褂子是后娘给她做的,蓝底白花,布是新买的,花了两块钱,是后娘从镇上的布店里扯的,布面上印着小碎花,白白的,蓝蓝的,看着就干净。后娘给她裁的,裁得合身,不肥不瘦,不长不短,穿在身上正好。后娘还给她缝了盘扣,盘扣是布做的,盘得整整齐齐,扣上以后严丝合缝的。
后娘还给她梳了头,把两条辫子扎得紧紧的,用红头绳系着,红头绳是新的,红红的,像两根小辣椒。后娘还给她扑了点粉,粉是廉价的雪花膏,香香的,扑在脸上白白的,看着精神。
"芹儿,紧张不?"后娘一边给她梳头一边问,梳子是木梳,旧了,齿都磨圆了,梳在头上不疼。

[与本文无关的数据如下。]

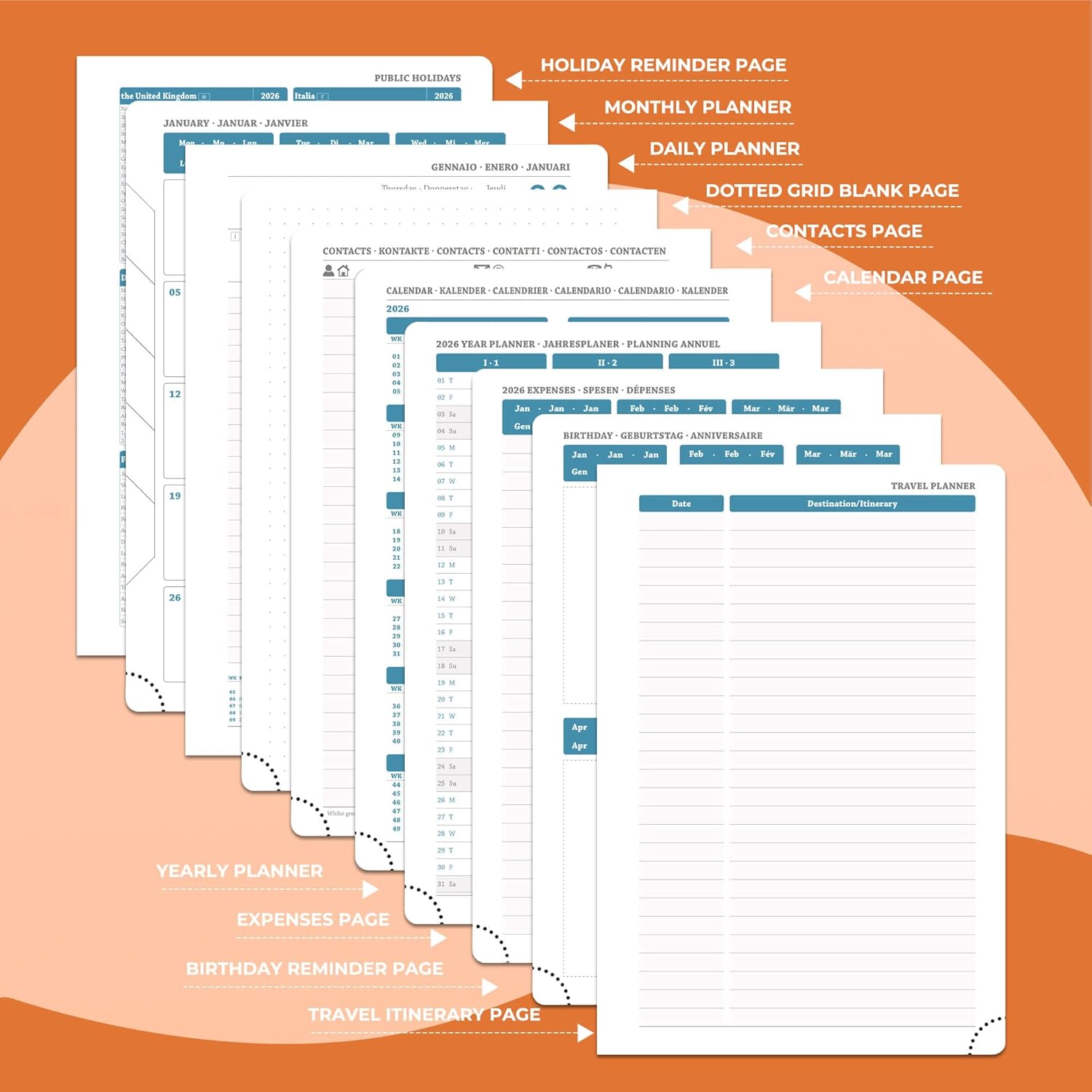 - Multi function Page: Personalized Daily planner system.Monthly pages, holiday reminders, birthday record area for relatives and friends; set up storage contacts, and record inspiration and plans with the dot matrix note area; at the same time, The lined pages allows you to write your annual summary,work planner can travel planning and expense management modules to achieve coordination of schedule and finance

芹儿坐在镜子前,镜子是小圆镜,镶着塑料框,旧了,镜面都花了,照出来的人影模模糊糊的。她看着镜子里的自己,脸红红的,像熟透的苹果,"有点。"
后娘笑了,笑得很温和,"紧张啥,就是见个人,合适就处,不合适拉倒,又不是逼你嫁。别害怕,啊?"
芹儿点点头,"嗯。"
后娘又说,"到了三姑家,别光低着头不说话,人家问你啥你就答啥,大大方方的,别怯场。他要是问你啥,你就实话实说,别隐瞒,也别夸大,实诚点,实诚人招人喜欢。"
芹儿说,"嗯,我知道了。"
后娘从兜里掏出两块糖,糖是水果糖,橘子味的,纸是橘红色的,塞给芹儿,"拿着,路上吃,解解闷。"
芹儿接过糖,"谢谢婶子。"
后娘摆摆手,"谢啥,快去吧,别迟到了,第一次见面,迟到了不好,人家会觉得你没诚意。"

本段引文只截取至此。